L'Institut national de la recherche agronomique (Inra) qui, dès sa création en 1946, a fondé les bases de l'exploitation industrielle des animaux de la ferme, se révèle dans l'embarras. Cette Académie publie, coup sur coup, deux ouvrages : « Les filles d'Ariane » et « Les animaux d'élevage ont-ils droit au bien-être ? », Inra Éditions 2000 et 2001. Dans une préface pathétique à la bande dessinée, intitulée « Les filles d'Ariane », Robert Dantzer, Jean-Marie Aynaud, Pierre Le Neindre, Jean-Paul Renard et Xavier Vignon avertissent les Pouvoirs Publics : « Il est évident que les contraintes exercées par l'élevage intensif sur l'organisme animal sont à l'origine d'importantes altérations de l'état de santé et du comportement. En élevage de vaches laitières, par exemple, la fréquence des mammites et des boîteries augmente avec le niveau de production pour affecter jusqu'à un animal sur deux dans les élevages les plus productifs. Corrélativement, la durée de vie des animaux se raccourcit, puisqu'elle est de l'ordre de 2,5 cycles de lactation dans ces mêmes élevages », et de réclamer de « restituer à l'animal sa dignité d'être vivant sensible ».
La parution des derniers ouvrages de l'Inra prouve que la science s'interroge et remet en question l'élevage intensif des animaux de la ferme.
Le scientisme a cru pouvoir se passer du savoir et du savoir-faire paysan, transmis dans notre pays de parents à enfants depuis 10 000 ans. Aussi lui faut-il, en ce début du XXIe siècle, avoir l'humilité de faire appel aux rescapés du désastre, paysannes et paysans, qui savent encore, tout en relisant les livres anciens qui ont transmis ce savoir.

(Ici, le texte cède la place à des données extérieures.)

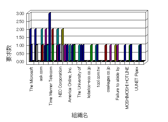 組織ユーザーにインターネット接続を提供する、商用または非営利団体、学術・行政機関などの、インターネット ドメイン で識別される団体や組織です。Microsoft Site Server Analysis は同じ組織に登録されたすべてのドメインを 1 つの組織としてグループ化します。ドメインがデータベースで使用できない場合は、1 つのインターネット ドメインが 1 つの組織を識別するのに使用されます。

La chèvre se révèle l'animal qui peut encore sauver les soldats perdus que nous sommes, victimes du syndrome des « Trente glorieuses ». En effet, la reine des champs peut être la compagne de toutes les familles habitant nos campagnes. Elle se contente de peu pour se nourrir : il suffit, pour l'alimenter, de rétablir dans chaque commune ses droits d'usage immémoriaux de « Bois, herbage, feuillage, ramage » pour qu'elle propère et donne un merveilleux lait de terroir. Ainsi, une multitude de familles pourraient-elles apprendre la domestication et ses secrets, qui ne sont d'ailleurs que d'amour. « La mère du monde » libératrice aura une fois de plus indiqué le chemin de la libération. Enfin, hommes et chèvres, réconciliés, pourront-ils à nouveau dandiner ensemble.
Jean Domec, 2002
[1] Zeus, nourri par la chèvre Amalthée, écrasa Albion sous une pluie de pierres.

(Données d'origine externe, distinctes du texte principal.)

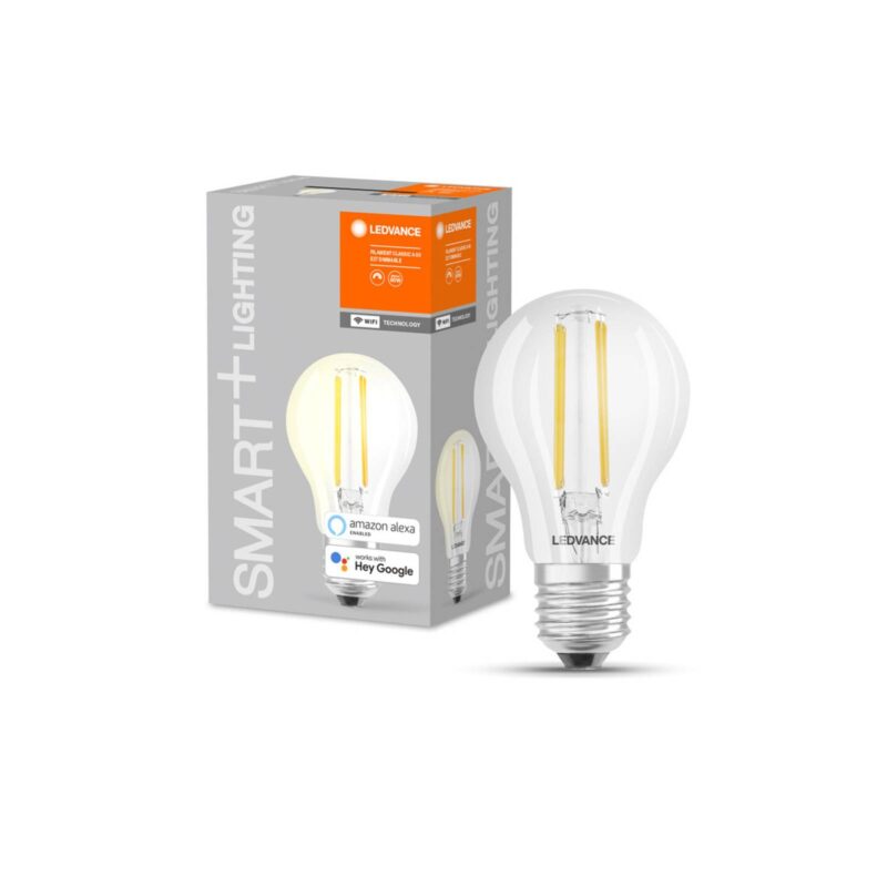 Ovládanie cez W-LAN – teplá biela LEDVANCE SMART E27 LED žiarovka s 5,5 W vo vlákne vzhľad Túto číru LED žiarovku v klasickom tvare žiarovky A60 možno inteligentne spínať a stmievať bez akéhokoľvek mostíka alebo brány. Vďaka technológii SMART WiFi prebieha komunikácia prostredníctvom existujúceho smerovača (nie je súčasťou dodávky). Svietidlo možno teraz ovládať prostredníctvom aplikácie pre smartfón a tablet alebo hlasovým príkazom. Funkcie/kompatibilita: – ovládanie pomocou aplikácie LEDVANCE SMART WiFi (dostupná bezplatne pre iOS a Android); umožňuje predvoľby a automatizácie – ovládanie prostredníctvom Google Assistant alebo Amazon Alexa – stmievanie – rádiový protokol: WiFi 2,412 – 2,484 GHz Nové výrobky LEDVANCE, predtým známe pod značkou OSRAM, spájajú najvyššie štandardy kvality s moderným dizajnom.

[2] Barral - Dictionnaire d'Agriculture, Hachette, 1892.
[3] Réalités économiques et techniques des filières caprines européennes ; UCARDEC, Paris, le 02/03/1995.
[4] Morand-Fehr P. - Compte-rendu de la conférence caprine internationale à New-Delhi, La Chèvre, 1992, n° 190.
[5] Corcy J.C. - La chèvre ; La Maison Rustique, Paris, 1991.
[6] Verneau D., de la laiterie Triballat - Démarches-qualité ; Chambre d'Agriculture des Deux-Sèvres, 3 mai 2001.